中村里美さん
インタビュー公開日:2019.10.29

アイドルの髪型に憧れて。幼少時代の経験が
スタイリストを目指すきっかけに
「子どもの頃から美容師になるというのは、ずっと心に決めていました」
そう語るのは、札幌市北区にある「ASH HAIR 屯田店」でヘアースタイリストを務める中村里美さん。高校卒業と同時に、同店を運営する「株式会社 理容・美容のカネコ」に入社。現在スタイリストとして活躍する中村さんですが、そのルーツは幼少時代の経験にありました。
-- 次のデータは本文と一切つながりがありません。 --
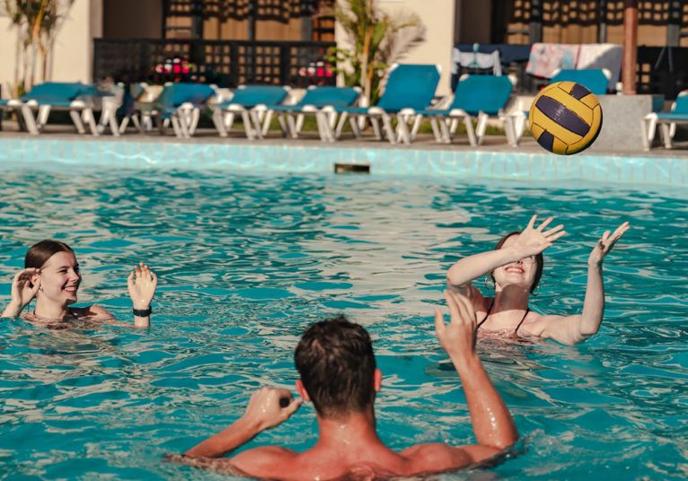 За децата: детски басейн, детска зона в аквапарка, детска площадка, анимация, детегледачка (платено).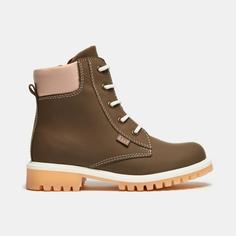 Детские ботинки фасона ASPEN-D из новой зимней коллекции выполнены в тёплом оливковом цвете. Дизайн отличается необычной шнуровкой и молнией и дополняется контрастной подошвой с нескользящим протектором. Натуральная кожа и мех подарят комфорт и тепло в ...
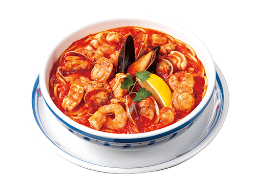 エビ、イカ、あさりなど、魚介の旨みがとけ込んだスープパスタ。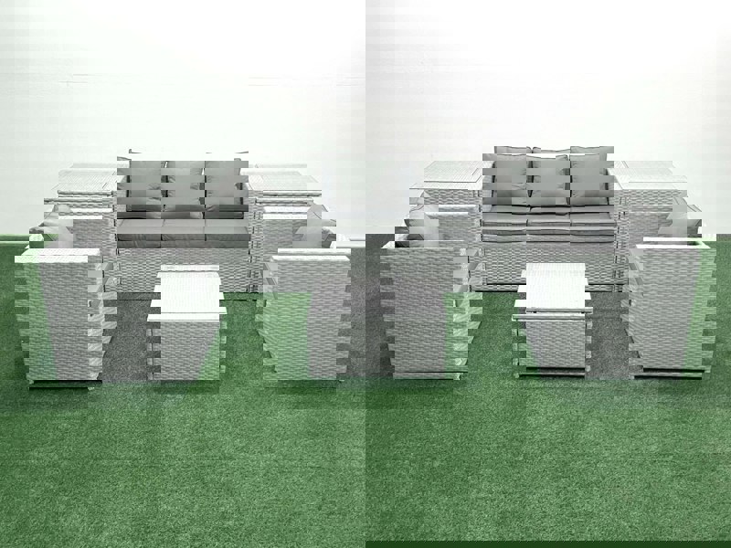 Finished in light grey mixed rattan with dark grey fabric, the set pairs a clean, contemporary look with practical details for day-to-day use. Removable cushion covers support easy cleaning, while the flat-packed design allows for self-assembly at home.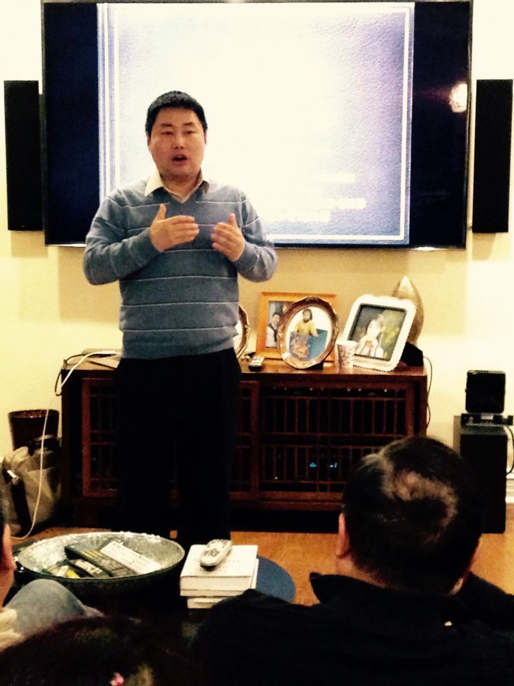 “昨晚芝加哥文化村沙龙在@西湖印象&@小蔡家举办,邀请了张新亚教授漫谈京剧欣赏。新亚毕业于北大物理系,来美后研习声学,在“心理声学”领域颇有建树,现任教于芝加哥哥伦比亚学院的音响及声学专业。新亚对京剧及歌剧情有独钟,曾参演过美国专业歌剧。他灵活运用自己独特的声学见地和艺术灵气,对京剧作了一番幽默轻松的普及性欣赏引导。新亚在多年的教研中曾有机会采访与接触到一些中国的京剧前辈,京剧名家,更是让他对京剧真谛多添了一份立体的感悟。新亚曾在北大,哈佛,哥伦比亚学院等中外名校应邀讲演,介绍中国的传统京剧,每次均获满堂喝彩,昨晚自然也不例外,从始至终笑声掌声不断。”

「私の髪ってクセが強くて、子どもの頃はいつもロングかツインテールでしたね。小学生の時にモーニング娘。が流行っていて、自分も同じようにショートカットにしたいと連れて行ってもらったのが、初めての美容室でした」
素敵な髪型に感動したのも束の間、「次の日になると同じようにセットが出来なくてガッカリ(笑)。この髪を何とかできたらな、というのが美容師を志すきっかけになりました」
高校時代は強豪校で部活動に熱中。
それでも忘れていなかった将来の夢。
理想の髪型を求めて、さまざまな美容室を転々。中学・高校生の頃にはストレートパーマにも挑戦してとても感動したのだそう。「初めてストレートパーマをかけた時は、その技術に驚きましたね。すごい! って。さらに美容師への憧れが強くなったのですが、中学校から部活でバドミントンの楽しさに目覚めてしまって」
進学先にはバドミントンの強豪校だった函館工業高校を選んだのだそう。こうしてバドミントンに打ち込んだ高校生活を経て、進路を真剣に考えなければいけない時期を迎えます。函館工業高校の生徒は大学へ進学するか設計事務所への就職がほとんど。中村さんも漠然と設計事務所への就職を考えていました。ところが、ひとつの出会いが美容師の夢を思い起させてくれたと言います。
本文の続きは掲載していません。